If pictures are present, leave them out, and copy the data word for word.
The data: Begin
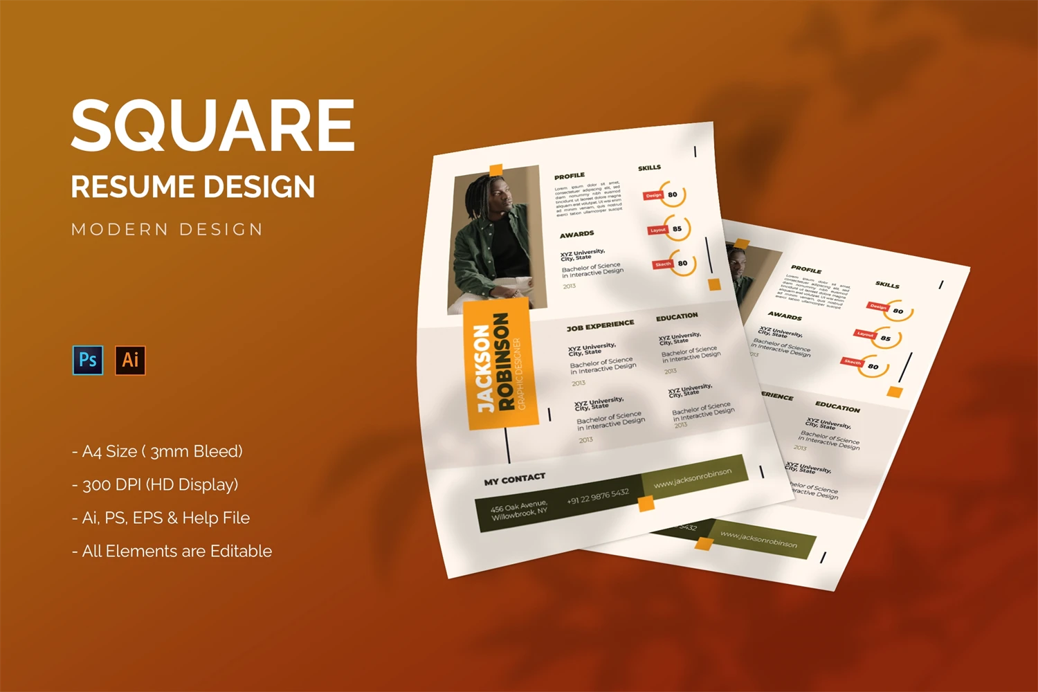 This is **Square - Resume Template** Get it now!, CV Resume for All business and personal needs. This design is great for your business and will make your interest, elegant, and easily editable according to your needs (**Adobe Illustrator, Adobe Photoshop**). You can use this CV Resume for personal purposes, or company purposes, I hope you enjoy this, Hope you Like it, and dont forget to rate it, Thanks.
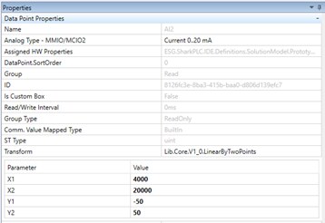 U lineární transformace „Kx + Q“ například pro čidlo tlaku 0...20 mA s rozsahem 0...6 bar bude K = 6 / 20000 = 0.0003 a Q = 0, pro čidlo vlhkosti 4...20 mA s rozsahem 0...100 % získáme koeficienty vyřešením soustavy dvou rovnic pro 4 a pro 20 mA:
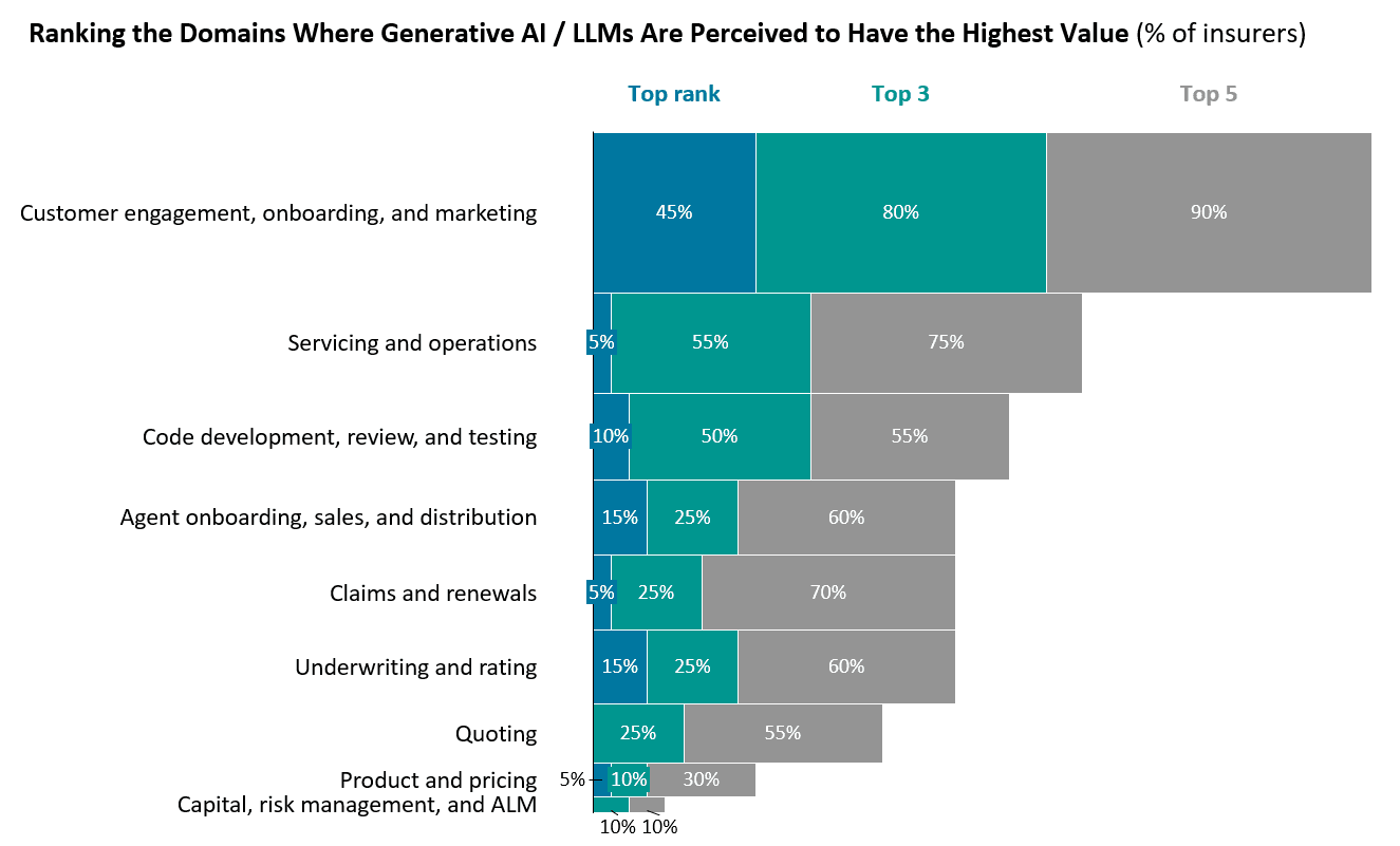 ほとんどの生命・医療保険会社は、顧客エンゲージメントとサービシング業務が生成AIと大規模言語モデルにとって最も価値のあるビジネスケースであると考えている。
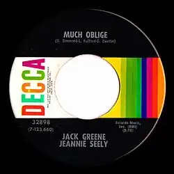 - ^ a b c Greene, Jack; Seely, Jeannie (November 1971). ""Much Oblige"/"The First Day" (7" vinyl single)". Decca Records. 32898.
The data: End
_The completed task_.
 This is **Square - Resume Template** Get it now!, CV Resume for All business and personal needs. This design is great for your business and will make your interest, elegant, and easily editable according to your needs (**Adobe Illustrator, Adobe Photoshop**). You can use this CV Resume for personal purposes, or company purposes, I hope you enjoy this, Hope you Like it, and dont forget to rate it, Thanks.
 U lineární transformace „Kx + Q“ například pro čidlo tlaku 0...20 mA s rozsahem 0...6 bar bude K = 6 / 20000 = 0.0003 a Q = 0, pro čidlo vlhkosti 4...20 mA s rozsahem 0...100 % získáme koeficienty vyřešením soustavy dvou rovnic pro 4 a pro 20 mA:
 ほとんどの生命・医療保険会社は、顧客エンゲージメントとサービシング業務が生成AIと大規模言語モデルにとって最も価値のあるビジネスケースであると考えている。
 - ^ a b c Greene, Jack; Seely, Jeannie (November 1971). ""Much Oblige"/"The First Day" (7" vinyl single)". Decca Records. 32898.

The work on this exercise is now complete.